00:00
So, moving on now we're
going to discuss a little bit
about acid-base disorders and I'm coming to
this really because of respiratory acidosis
and type II respiratory failure. One of the
major reasons why we do blood gases is not
just to measure the PO2 and the PaCO2 but
is actually to assess the acid-base balance
of the patient. And if you have lung problems,
there are two issues, you may have respiratory
acidosis and that is a situation that occurs
because when you underventilate the lung and
you're not able to get rid of the carbon dioxide
present in your blood, and that will lead
to a low pH, a high PaCO2., and as it becomes
compensated, as the body adjusts to the fact
that it is unable to get rid of the carbon
dioxide, then you will end up with the buffers
that compensate the acidosis, increasing and
we can see that in the blood gases by a high
bicarbonate level and by positive base excess.

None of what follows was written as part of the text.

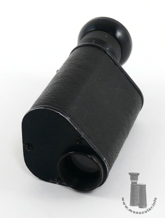 | Das "Lynkop" 12x mit 20er Objektiv ist ein Prisma-Monocle der Fa. E. Busch aus Rathenow vom Anfang des 20. Jh. - ca. 1903-1909. Das Gehäuse hat einen dreieckigen Grundriss mit abgerundeten Ecken, einer Lederummantelung mit Naht sowie angeschraubter Trageriemenöse. Das Monokular ist aus Aluminium, die Deckel sind dreifach verschraubt und schwarz lackiert. Der obere Deckel trägt die Firmenbezeichnung und den Modellnamen. Die Vergrößerung ist in die Seite der 3/3 Bakelitaugenmuschel eingraviert. Es gibt eine Dioptrienskala von plus bis minus Vier. | The "Lynkop" 12x with a 20mm aperture is a prism monocular by E. Busch Rathenow from the beginning of the 20th century - about 1903-1909. The housing has a triangular cross-section with rounded corners. The leather covering has a seam. There is a strap lug screwed to the aluminium body. The cover plates have three screws and are painted black. The top cover is marked with the maker's and the model name. The glass's magnification is engraved on the 3/3 Bakelite eyecup. The latter has a dioptre scale ranging from plus to minus four. |

The other respiratory problem that you get
with acid-base balance is respiratory alkalosis,
that is a problem of hyperventilation, you
breathing fast, and that blows off your carbon
dioxide and causes a respiratory alkalosis.
01:10
It is not a major problem, but it is one of
the reasons why you will feel fainting if
you breathe fast. And in fact, actually we often
create a little bit of respiratory alkalosis
in our patients when we're examining them because
we ask them to take deep breaths when we're
listening to their lungs. If they begin to
feel dizzy, that's reflecting a little bit
of respiratory alkalosis. I'm not going to discuss
metabolic acidosis
or metabolic alkalosis, I think the important
one there is in fact the metabolic acidosis
and we actually do see that in lung disease
but that's a consequence of the severe lung
disease causing hypoxia or if you have pneumonia,
septic shock, and that leading to metabolic
acidosis as the oxygen delivery to the muscles
and peripheral tissues is impaired.
01:54
So, type II respiratory failure. We've mentioned
type I, that's hypoxia with normal carbon
dioxide, type II is respiratory failure associated
with raised carbon dioxide. So it's defined
as a high carbon dioxide, greater than 6,
and, as I've just mentioned in the previous
slide the higher the CO2, the more likely
you are to have acidosis. Now that can be
compensated. So for example, you may get somebody
with an acute asthma attack, who is normally
has got a normal PCO2, comes in to a hospital
with a severe asthma attack, the CO2 is rising
because they've almost got status ashtmaticus
and may need ventilation. So they have a CO2
of 6, they will be quite acidotic because
it's an acute event and compensation has not
had time to occur. Now, in contrast, patients
with COPD who may have a degree of type II
respiratory failure chronically, they come
into hospital, they can have a CO2 of 10,
12 even higher than that, and that pH may
still be considerably higher than the patient
presenting with acute asthma and a CO2 of
only 7 and that's because of compensation.
03:08
And in that situation the COPD patients with
a bicarbonate of 35, approaching 40 perhaps.
03:16
The big problem with type II respiratory failure
is that oxygen can be dangerous and we see
this repeatedly in patients presenting with
COPD with an acute exacerbation, who have
been given a high flow oxygen on the way into
hospital. And that high flow oxygen unfortunately
leads to an increase in the respiratory acidosis.
The mechanism of that is that if you have
type II respiratory failure, your ventilatory
drive is actually taken over by the low oxygen
level in your blood, so having a low oxygen
keeps the ventilator drive going when you
have type II respiratory failure. And if you
give the patient too much oxygen and it comes
up too high, you lose that ventilatory drive.
The hypoxic drive for breathing is lost, and
as a consequence you actually create a situation
with a hypoventilation, the underventilation
of the lungs, becomes more of a problem. As
a consequence of that, the PCO2 will, PaCO2
will rise, and the pH will fall, and the respiratory
acidosis will worsen.
04:24
So the underlying principle for the treatment
of type II respiratory failure is to give
them controlled oxygen supplementation, but
aiming for a lower saturation than you would
normally in somebody with type I respiratory
failure.
04:37
A sort of safe PO2
of around 8 kPa where the risk of hypoxia
causing a cardiac respiratory arrest is much
lower than it would be, but still the POa2
is not in the normal range. And you do that
by giving the patient a controlled oxygen.
04:56
Importantly if patients are
receiving oxygen and they have type II respiratory
failure, you need to monitor what's happening
to the carbon dioxide level in the blood.
05:06
And to do that you have to repeat the blood
gases and that will tell you whether the oxygen
therapy is causing a rise in the CO2 and a fall
in the pH and therefore it needs to be titrated
downwards to a lower concentration of oxygen.